Khrushchev, wiser to the world and with a European disdain for the rustic comrade from the eastern paddies, retorted: “No one has authorised us to look after Europe; who has authorised you to take care of Asia?” Indian diplomat T.N. Kaul has recorded this in his memoirs A Diplomat’s Diary. Guess how Kaul learnt of this private chat? Khrushchev’s interpreter told him. Lesson for diplomats: walls may not have ears, but interpreters may have wagging tongues.

What Mao wanted from Khrushchev, Don Trump is delivering to Xi Jinping. With his national security document, a 21st century version of the 19th century Monroe doctrine, Trump is focusing on the American continent to make the US great again, leaving most of the rest of the world to be sorted out between Xi and Vladimir Putin.

Image Ai

Let’s sort out this Monroe conundrum. Finding that European powers were fighting their colonial brawls on the American continent, US president James Monroe told them to keep off the New World; in return the US wouldn’t poke its nose in European affairs. This 1823 statement is thought to have been a definitive proclamation of American isolationism.
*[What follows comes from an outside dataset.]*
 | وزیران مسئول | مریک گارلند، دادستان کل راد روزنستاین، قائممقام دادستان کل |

Much water has churned the Atlantic and the Pacific since. Scholars now see traits of isolationism and interventionism in America’s global conduct—isolation during the 19th century, intervention in World War I, isolation during the Great Depression, intervention during World War II and thereafter. The fifties and the sixties saw the armed eagle flying around the world, but in 1969 Richard Nixon attempted, in vain, with his Guam doctrine, to take the Vietnam-scarred eagle back to its Monroe nest.

Jim Carter let the eagle fly out as a dove of peace, but it got its wings burnt over the Persian sands. Since the days of Ron Reagan who succeeded him, the eagle has been poking its beak in every conflict on every continent. Trump thinks it’s all been a waste of US tax-payers’ money.
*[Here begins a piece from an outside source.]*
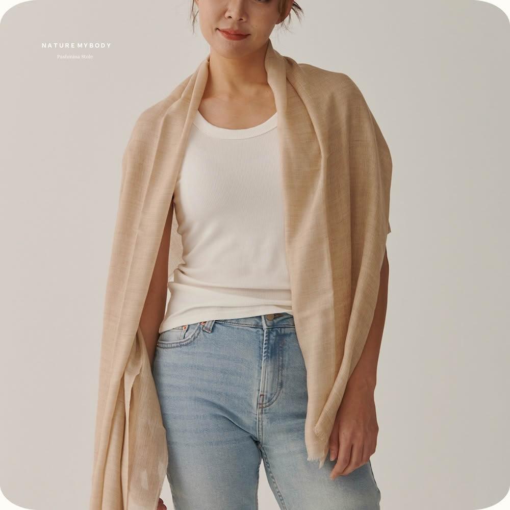 Nature My Body多層次Y形編織系列 純喀什米爾山羊絨披肩-Sandstone Serenade 米色沙岩(100%Pashmina圍巾)

Trump has found a way to MAGA—invoke the Monroe doctrine “to restore American pre-eminence in the western hemisphere, and to protect our homeland and our access to key geographies throughout the region. We will deny non-hemispheric competitors [read China] the ability to position forces or other threatening capabilities, or to own or control strategically vital assets [like the Panama Canal] in our hemisphere”. He calls it a “Trump corollary to the Monroe doctrine”.

Got the point? He won’t let any eastern tyrant control assets on the American continent, invest in American military industries or dump cheap goods in American markets. He will guard the Caribbean and Latin American lands as his backyard. (Venezuelans, listen!) Xi may do whatever he fancies in most of Asia or Africa as long as those actions don’t threaten American interests there. (Taiwan, Japan, Australia, India, breathe easy!) Russia could be contained and confined—so one may assume—to eastern Europe and central Asia, and roped in to re-establish “strategic stability”.

Western Europe? Getting crowded by Asiatics and Africans, they are losing their “western identity” and facing “civilisational erasure”. They better control the inflow, and spend more euros on arming themselves.

If they don’t? Let the devil, the mullahs or Putin take them.